Question

Calculate the \(\mathrm{pH}\) and the equilibrium concentration of \(\mathrm{HClO}\) in a \(0.10 \mathrm{M}\) solution of hypochlorous acid. \(K_{\mathrm{a}}\) \(\mathrm{HClO}=2.8 \times 10^{-8}\)

Short answer

The pH of the 0.10 M solution of hypochlorous acid is approximately 4.78, and the equilibrium concentration of HClO in the solution is approximately 0.0999833 M.

Step-by-step solution

Understand the dissociation reaction and set up the equilibrium expression

The dissociation reaction of hypochlorous acid (HClO) in water can be represented as: $$\mathrm{HClO} \rightleftharpoons \mathrm{H^{+}} + \mathrm{ClO^{-}}$$ Initially, we have 0.10 M HClO and no H+ or ClO- ions. At equilibrium, some of the HClO will dissociate into H+ and ClO- ions. We can represent the changes in concentration with the variable x: $$[\mathrm{H^{+}}] = x$$ $$[\mathrm{ClO^{-}}] = x$$ $$[\mathrm{HClO}] = 0.10 - x$$ Using the given Ka value, we can set up the equilibrium expression: $$K_{\mathrm{a}} = \frac{[\mathrm{H^{+}}][\mathrm{ClO^{-}}]}{[\mathrm{HClO}]}$$

Make an assumption to simplify the problem

We can assume that the change in concentration x is very small compared to the initial concentration of HClO (0.10 M). This means that \((0.10 - x) \approx 0.10\). By making this assumption, we can now write the equilibrium expression as: $$2.8 \times 10^{-8} = \frac{x \cdot x}{0.10}$$

Solve for x, which represents the equilibrium concentration of H+ ions

To solve for x, we need to solve the following equation: $$2.8 \times 10^{-8} = \frac{x^2}{0.10}$$ First, multiply both sides by 0.10 to isolate \(x^2\): $$x^2 = 2.8 \times 10^{-8} \times 0.10$$ Now, calculate the square root of both sides to find x: $$x = \sqrt{2.8 \times 10^{-8} \times 0.10}$$ $$x = 1.67 \times 10^{-5}$$ Here, x represents the equilibrium concentration of H+ ions and ClO- ions, which are both equal to \(1.67 \times 10^{-5} \mathrm{M}\).

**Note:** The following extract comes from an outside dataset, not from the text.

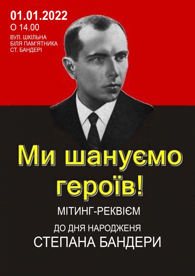 У перший день нового року відбудеться мітинг-реквієм біля пам’ятника Степанові Бандері у Здолбунові (вул. Шкільна). Початок – о 14.00.

Calculate the equilibrium concentration of HClO

To find the equilibrium concentration of HClO, we can now use the value of x from step 3: $$[\mathrm{HClO}]_{\mathrm{eq}} = 0.10 - x$$ $$[\mathrm{HClO}]_{\mathrm{eq}} = 0.10 - 1.67 \times 10^{-5}$$ $$[\mathrm{HClO}]_{\mathrm{eq}} = 0.0999833\mathrm{M}$$

Calculate the pH of the solution

The pH is defined as the negative logarithm of the H+ ion concentration: $$\mathrm{pH} = -\log {[\mathrm{H^{+}}]}$$ In this case, \([\mathrm{H^{+}}] = x = 1.67 \times 10^{-5} \mathrm{M}\). Thus, we can find the pH as follows: $$\mathrm{pH} = -\log (1.67 \times 10^{-5})$$ $$\mathrm{pH} \approx 4.78$$ The pH of the 0.10 M solution of hypochlorous acid is approximately 4.78, and the equilibrium concentration of HClO in the solution is approximately 0.0999833 M.